As a fellow Scot you should have remembered that presbyter is but priest writ large. Just check any dictionary.

Also -

quote:
I don't think much of the priesthood of all believers being only the heads of the fathers' households.

I didn't say that - quite the opposite in fact. The priesthood covered ALL believers - all members of the family. I was pointing out the ceremonial background. Please re-read my posting where I said The entire family participated and were dressed similarly for the occasion - this was the "priesthood of all believers".

Likewise you wrote -

quote:
And it is the believer's priesthood that is of the Old Testament sacrificial type?


In a sense yes, but only insofar as the only sacrifice now is the full, final and sufficient sacrifice of Jesus himself, which we "re-member". The purpose was described by the early church (and still is so described) as an anamnesis - a Jewish concept which the passover supper was designed to ensure.


quote:
To have a guy at the front say something, and the people say "amen" is not a good dramatic representation of the priesthood of all believers. It says the opposite.
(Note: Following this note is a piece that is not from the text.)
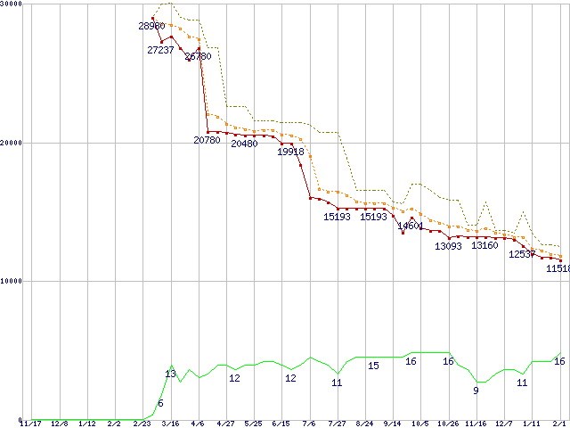 | Athlon 64 X2 5000+ (2.6GHz,L2 512KB×2,TDP65W)の価格推移 | | | (2006年11月17日~2008年2月1日) |
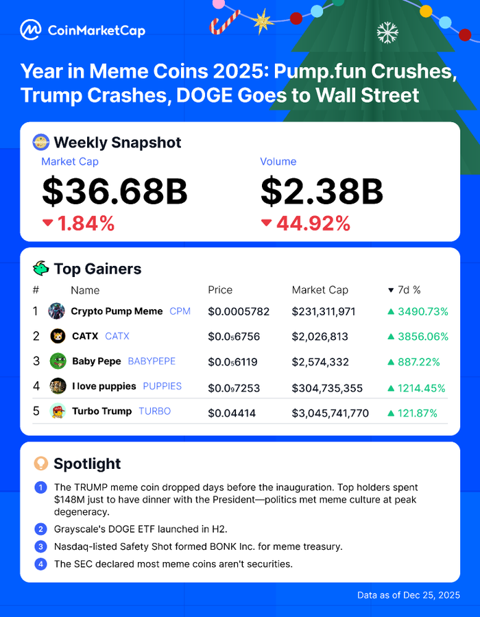 2025年的模因币板块以极端反差收官,一边是爆炸式上涨的赢家,一边是急剧萎缩的市场活跃度。CoinMarketCap发布的数据描绘了这样一个市场:它在文化层面依然具有强大影响力,但随着年终临近,资金选择却愈发挑剔。

You'll need to unpack your reasoning on that one a bit more - if we are in agreement, is it not fitting that someone leads us and that we signal our willing assent? Always remembering that this is servant leadership we are talking about here. I doubt that you are pointing towards some anarchistic free-for-all, but I don't understand what you are proposing.

quote:
And, to get back to the point, there were woman elders in the early church, weren't there?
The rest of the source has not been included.